Flashcards. Paste a school text → cards. Or just type a topic (irregular verbs, European capitals) → the model pulls from general knowledge and creates a deck. Every card lands in a preview where you can edit, delete, or add more before they go in the database.
Quiz with model-validated answers. Typed answers, not multiple- choice. The model reads the correct answer and the kid's answer and decides correct / almost / incorrect — spelling errors and paraphrasing are tolerated. It even writes a short personalized summary at the end: "You handled past participles well. 'choose' and 'speak' got mixed up — they'll come back tomorrow."

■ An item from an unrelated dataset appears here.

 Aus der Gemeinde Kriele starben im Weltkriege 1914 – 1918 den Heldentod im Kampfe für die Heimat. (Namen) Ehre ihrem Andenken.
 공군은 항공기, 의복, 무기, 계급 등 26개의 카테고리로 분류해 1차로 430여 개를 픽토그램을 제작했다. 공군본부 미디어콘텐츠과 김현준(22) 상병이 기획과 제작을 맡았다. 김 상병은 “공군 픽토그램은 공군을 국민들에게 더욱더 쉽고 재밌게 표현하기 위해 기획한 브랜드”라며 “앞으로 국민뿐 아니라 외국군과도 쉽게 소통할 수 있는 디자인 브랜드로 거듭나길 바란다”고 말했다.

Behind the quiz sits a small SM-2 spaced-repetition scheduler. Cards she
gets wrong come back the next day; cards she gets right keep slipping
further out. A streak counter and a per-topic "✓ 12 solid · … 4 to
practise" badge make progress visible without dashboards.

Architecture

The whole thing is a .NET 9 MAUI app — one codebase, four targets
(Windows, Android, iOS, macCatalyst), bilingual from day one (German is
the primary audience, English the default for international demos).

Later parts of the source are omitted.